#### [Task to complete]
Make an exact copy of the listing, without images.

#### [Data segment]
┏━━

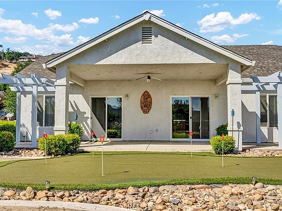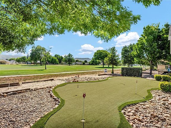 HUGE REDUCTION!! PRICED TO SELL! Situated on the 3rd Fairway at Hidden Valley Lake's Championship Golf Course, this 3 bed / 2 bath single level home offers 1,807 SF of spacious living space. Beautiful stucco home with new exterior paint and low maintenance landscaping will catch your eye from the road. Large level driveway with plenty of room for parking + a 3 car garage for your vehicles, golf cart or storage! The tiled entry leads to the spacious living room with vaulted ceilings and new vinyl plank flooring. Stately propane fireplace with brick hearth is a nice focal point in the space. The kitchen is open to the living room with a center island, tiled countertops and loads of storage cabinetry. Dine at the breakfast bar, dining nook or formal dining room off the entry. Desirable separation floorplan with 2 guest bedrooms & bathroom on one end with primary and full laundry room with utility sink on the other. Access the back patio from the living room or the primary bedroom. The views from the covered patio of lush green grass year round with surrounding hills in the distance will never get old! Up for some competition? A custom 9 hole putting green with fringe for chipping or the built-in horseshoe pit provides endless outdoor entertainment! The primary bedroom has plush carpet, a ceiling fan and an ensuite bathroom with large walk-in closet + built-ins, new vinyl plank flooring, large walk-in shower, soaking tub and dual sink vanity. This well maintained home shows pride of ownership, add it to your list today!
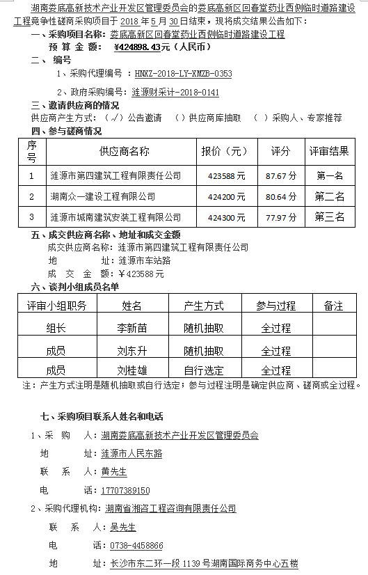 婁底高新區(qū)回春堂藥業(yè)西側(cè)臨時道路建設(shè)工程 競爭性磋商成交結(jié)果公告
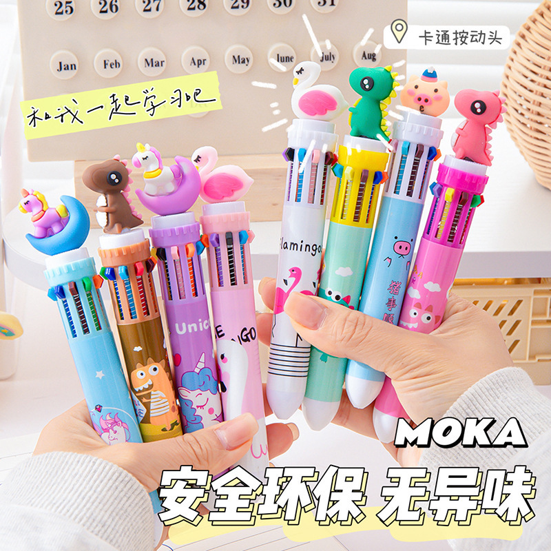 箱入り十色ボールペン高颜値漫画学生がペンカラー手帳ペン0.5かわいい造形卸売りを押す

┗━━

#### [Solution to this problem]
 HUGE REDUCTION!! PRICED TO SELL! Situated on the 3rd Fairway at Hidden Valley Lake's Championship Golf Course, this 3 bed / 2 bath single level home offers 1,807 SF of spacious living space. Beautiful stucco home with new exterior paint and low maintenance landscaping will catch your eye from the road. Large level driveway with plenty of room for parking + a 3 car garage for your vehicles, golf cart or storage! The tiled entry leads to the spacious living room with vaulted ceilings and new vinyl plank flooring. Stately propane fireplace with brick hearth is a nice focal point in the space. The kitchen is open to the living room with a center island, tiled countertops and loads of storage cabinetry. Dine at the breakfast bar, dining nook or formal dining room off the entry. Desirable separation floorplan with 2 guest bedrooms & bathroom on one end with primary and full laundry room with utility sink on the other. Access the back patio from the living room or the primary bedroom. The views from the covered patio of lush green grass year round with surrounding hills in the distance will never get old! Up for some competition? A custom 9 hole putting green with fringe for chipping or the built-in horseshoe pit provides endless outdoor entertainment! The primary bedroom has plush carpet, a ceiling fan and an ensuite bathroom with large walk-in closet + built-ins, new vinyl plank flooring, large walk-in shower, soaking tub and dual sink vanity. This well maintained home shows pride of ownership, add it to your list today!
 婁底高新區(qū)回春堂藥業(yè)西側(cè)臨時道路建設(shè)工程 競爭性磋商成交結(jié)果公告
 箱入り十色ボールペン高颜値漫画学生がペンカラー手帳ペン0.5かわいい造形卸売りを押す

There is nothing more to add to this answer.